→ **Extracted material**:
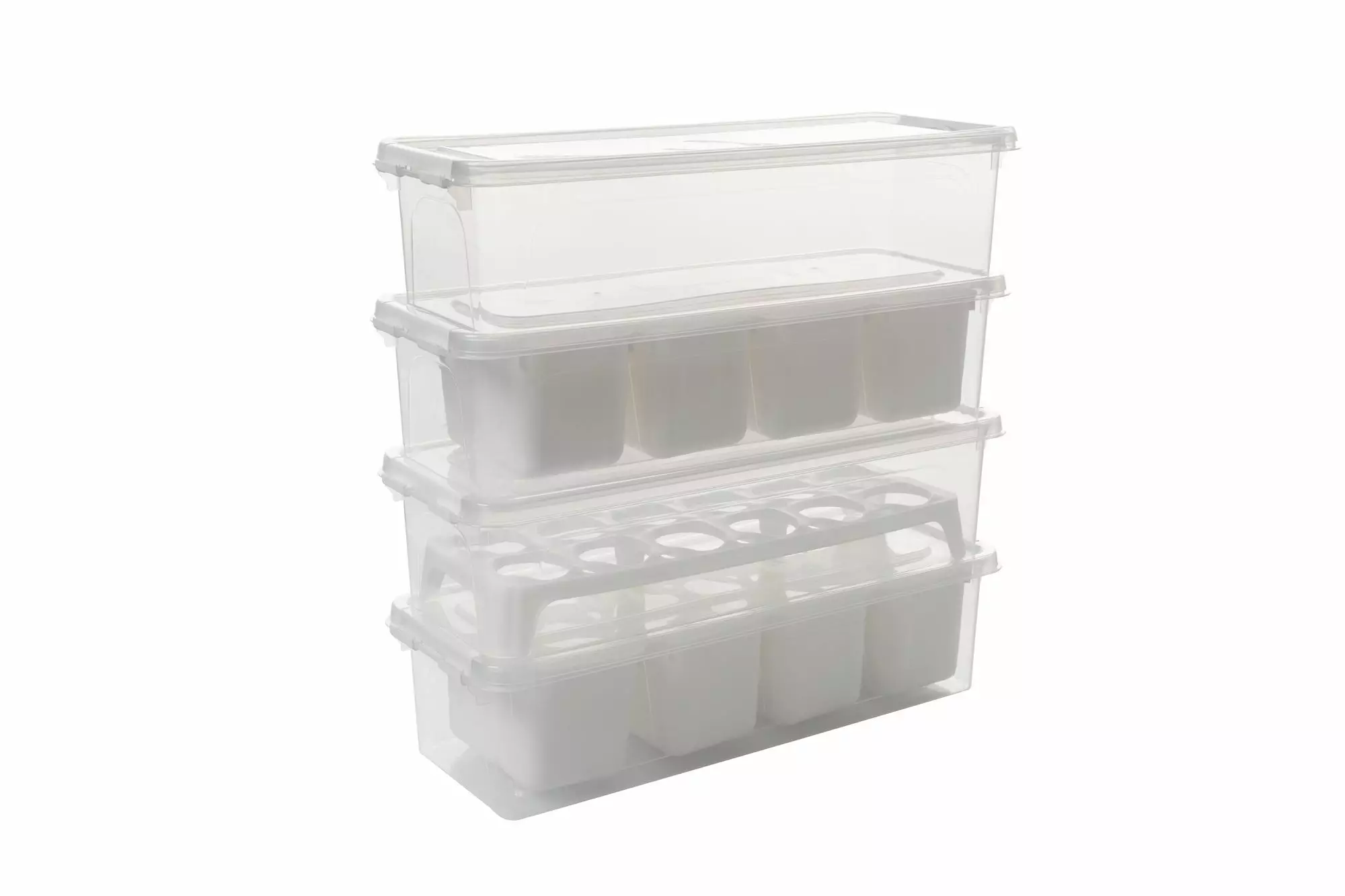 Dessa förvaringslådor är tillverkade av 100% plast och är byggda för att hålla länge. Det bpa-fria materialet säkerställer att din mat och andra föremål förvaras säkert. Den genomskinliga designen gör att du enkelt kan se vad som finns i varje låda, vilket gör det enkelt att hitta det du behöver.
--
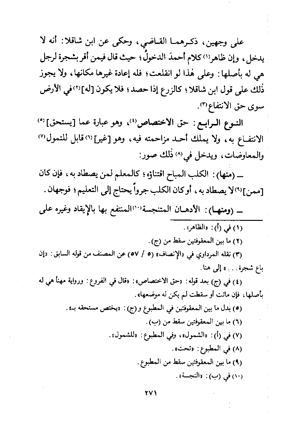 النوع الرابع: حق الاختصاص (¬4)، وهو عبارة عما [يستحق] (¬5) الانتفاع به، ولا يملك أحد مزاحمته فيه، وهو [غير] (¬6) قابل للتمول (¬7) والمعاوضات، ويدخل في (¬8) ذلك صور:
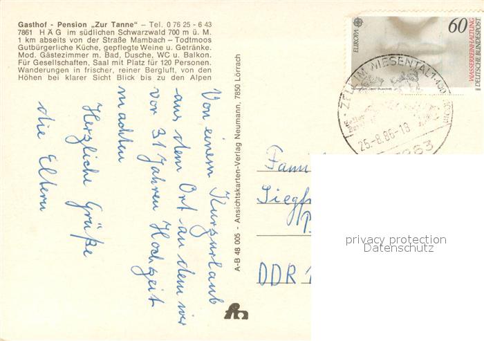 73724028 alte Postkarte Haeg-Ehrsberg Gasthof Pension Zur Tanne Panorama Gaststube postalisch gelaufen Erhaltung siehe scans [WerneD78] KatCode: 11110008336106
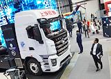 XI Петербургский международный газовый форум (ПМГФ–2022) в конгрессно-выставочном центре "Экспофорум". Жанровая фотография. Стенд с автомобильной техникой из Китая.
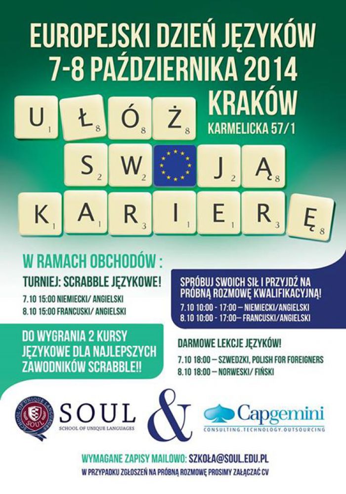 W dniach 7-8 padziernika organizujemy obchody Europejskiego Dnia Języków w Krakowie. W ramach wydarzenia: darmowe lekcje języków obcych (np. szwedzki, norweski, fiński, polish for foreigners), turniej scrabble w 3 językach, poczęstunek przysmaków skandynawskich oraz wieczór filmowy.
==
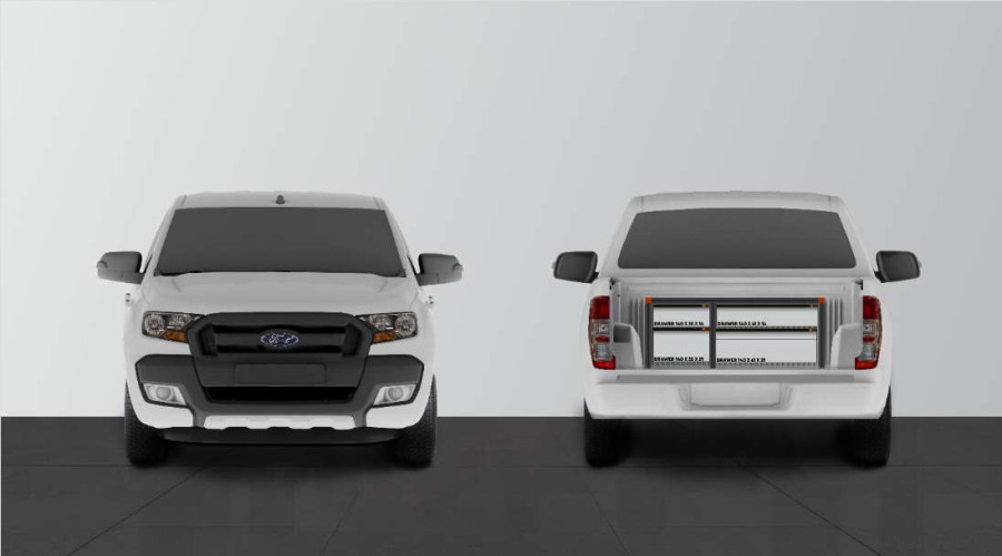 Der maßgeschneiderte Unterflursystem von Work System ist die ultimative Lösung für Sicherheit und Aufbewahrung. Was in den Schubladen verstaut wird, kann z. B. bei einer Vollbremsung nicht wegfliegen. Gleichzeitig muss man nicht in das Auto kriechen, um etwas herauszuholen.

→ **Your instructions**:
Starting with the line that contains "النوع الرابع: حق" and finishing with the line that contains "W dniach 7-8", reproduce every line of the material above exactly, but not the pictures.

→ **Solved problem**:
 النوع الرابع: حق الاختصاص (¬4)، وهو عبارة عما [يستحق] (¬5) الانتفاع به، ولا يملك أحد مزاحمته فيه، وهو [غير] (¬6) قابل للتمول (¬7) والمعاوضات، ويدخل في (¬8) ذلك صور:
 73724028 alte Postkarte Haeg-Ehrsberg Gasthof Pension Zur Tanne Panorama Gaststube postalisch gelaufen Erhaltung siehe scans [WerneD78] KatCode: 11110008336106
 XI Петербургский международный газовый форум (ПМГФ–2022) в конгрессно-выставочном центре "Экспофорум". Жанровая фотография. Стенд с автомобильной техникой из Китая.
 W dniach 7-8 padziernika organizujemy obchody Europejskiego Dnia Języków w Krakowie. W ramach wydarzenia: darmowe lekcje języków obcych (np. szwedzki, norweski, fiński, polish for foreigners), turniej scrabble w 3 językach, poczęstunek przysmaków skandynawskich oraz wieczór filmowy.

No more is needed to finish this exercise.